Thursday, June 16, 2005

Sean Penn: Our Man in Tehran

Banafsheh Zand-Bonazzi and Elio Bonazzi, FrontPageMagazine.com:
The Iranian writer Afshin Molavi knows well the politics of Sean Penn. Writing on Saturday on the blog “Iran Scan,” Molavi penned an accurate appraisal of the actor’s current trip, supposedly under the auspices of the San Francisco Chronicle, to cover the forthcoming election in Iran.

I wonder how Sean Penn will see things,” Molavi wrote. “Will he honestly portray what he sees? Or will he be blinded by his hatred of President George W. Bush to fall into the trap many a good leftist falls into: defending the Islamic Republic to take a jab at Bush. Progressives in America consistently fail to side with the forces for democracy in Iran because it might just seem too, well, Wolfowitzian or, worse, Rumsfeldian.”

My own recent conversation with a member of one such “progressive” organization, Global Exchange, which may be sponsoring Penn’s trip covertly, as well as previous experience with another organization created by Global Exchange founder Medea Benjamin, lead me believe that Molavi’s apprehensions are well founded.

On Friday, June the 10, Reuters and the Drudge Report reported that Penn had been sent by the San Francisco Chronicle to cover the imminent Iranian elections. Iranian dissidents and activists who oppose the Islamic Republic, inside and outside Iran, were outraged at the news. They know that Penn is famous for his left-wing radical politics, and suspect that his current trip to Iran will be a repeat of the actor’s earlier trip to Iraq just before the war. At the time, Penn was welcomed by Saddam Hussein, who intended to enlist Penn into his propaganda army of useful idiots from the democratic West—all in an effort to save his dictatorial regime.

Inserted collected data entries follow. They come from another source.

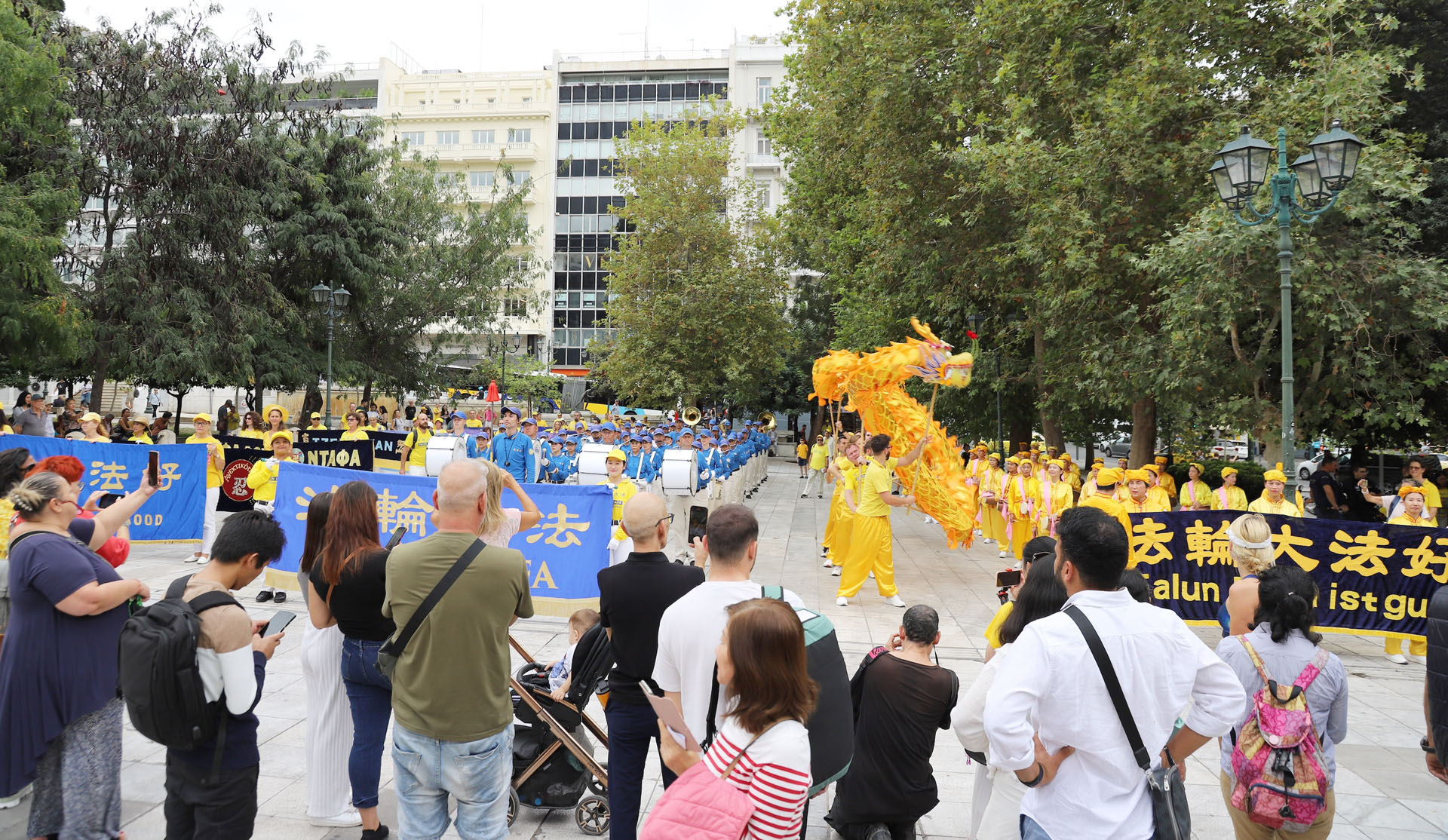 Evropski Tian Guo Marching Band i Falun Dafa praktikanti iz preko 12 zemalja su, 4. i 5. oktobra 2024. godine održali marševe i skupove u Atini, glavnom gradu Grčke. Oni su stanovnicima Grčke i turistima predstavili Falun Dafa (također poznat kao Falun Gong) i pozvali sve dijelove društva da obrate pažnju i pomognu da se zaustavi 25-godišnji progon ove prakse od strane Komunističke partije Kine (KPK).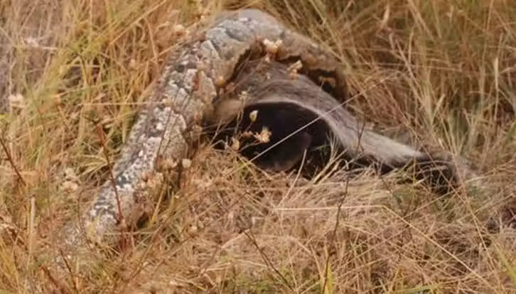 可以看出巨蟒還存活著,所以剛剛老實給平頭哥吃也能看出確實是膽怯,完全不是對手啊。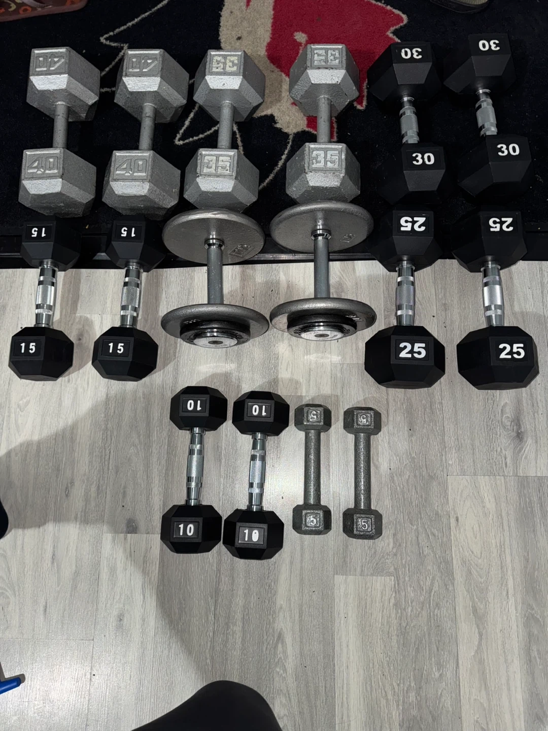 104Set of dumbbells 5lbs to 40lbs Looks brand new 2x5lbs 2x10lbs 2x15lbs 2x20lbs 2x25lbs 2x30lbs 2x35lbs 2x40lbs Pick up at whitehorn ne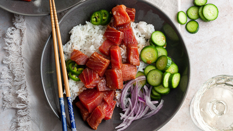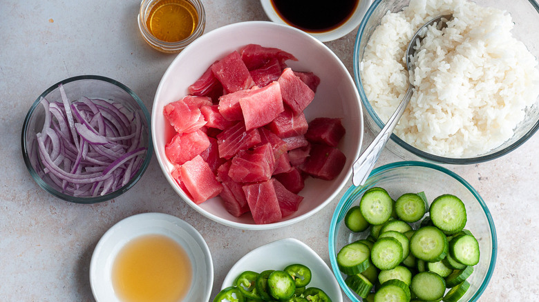 If the thought of sourcing affordable, sushi-grade tuna has you in a tizzy, fear not! "Aldi sells frozen sushi-grade ahi tuna for an amazing price," Musgrave says. You'll just have to let the fish thaw and cut it into cubes. In addition to the tuna, you'll also need soy sauce, sesame oil, rice vinegar, cooked sushi rice, and some sliced veggies: jalapeño, red onion, and cucumber.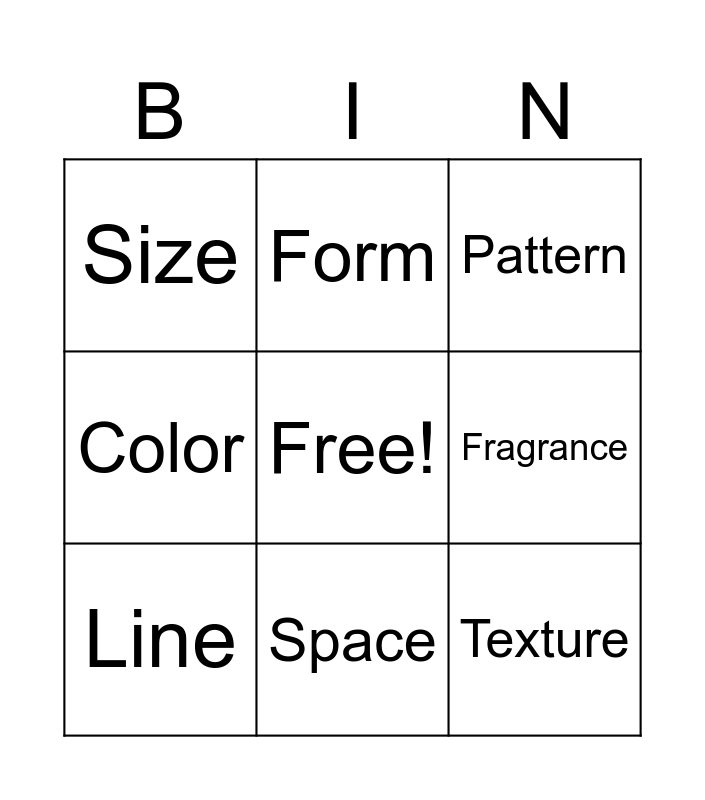 This bingo card has a free space and 8 words: Color, Form, Fragrance, Line, Pattern, Size, Space and Texture.

Significantly, Penn’s trip to Iraq had been organized by Global Exchange, the brainchild of radical leftist activist Medea Benjamin. Benjamin, who has described Castro’s Cuba as “heaven,” hoped to cast the Baathist dictatorship in a similarly flattering light. READ MORE

Is Global Exchange behind Penn’s current trip to Iran? The evidence suggests that it is. Reached by telephone, the San Francisco Chronicle’s Andrew Ross told me that the paper had in fact discussed the idea of Penn going to Iran. So far as he knew, however, Penn was still in the U.S.—waiting to hear back from the Washington D.C. about whether he could obtain a visa. Ross was entirely unaware that Penn had not only received the visa but had already arrived in Iran. When one considers that Global Exchange regularly organizes such “reality tours” for left-wing activists with a soft spot for anti-American dictatorships—theocratic Iran, in Global Exchange parlance, is an unjustly “demonized country”—the suspicion hardens that Penn’s recent venture was made possible by the activist organization.

To find out more, I (BZB) called the headquarters of Global Exchange. The conversation I had with a member was not unlike one I had several years ago, when I placed a call to the New York chapter of International A.N.S.W.E.R. I wanted to see whether I could appeal to the group’s much-professed concern for Iran and involve them in the international activities to free my father Siamak Pourzand, an Iranian intellectual and political prisoner in Iran. An ANSWER activist with whom I spoke gave a revealing reply. Dismissing the democracy movement in Iran, he claimed that it was “a tool in the hands of American imperialists.” Moreover, he said, if Siamak Pourzand was detained, he likely deserved it because he was “breaking the rules” by protesting against his government. When I pointed that by his own logic he should be in jail because of his opposition to the policies of the U.S. government, he abruptly ended the conversation, calling me a fascist, then hanging up.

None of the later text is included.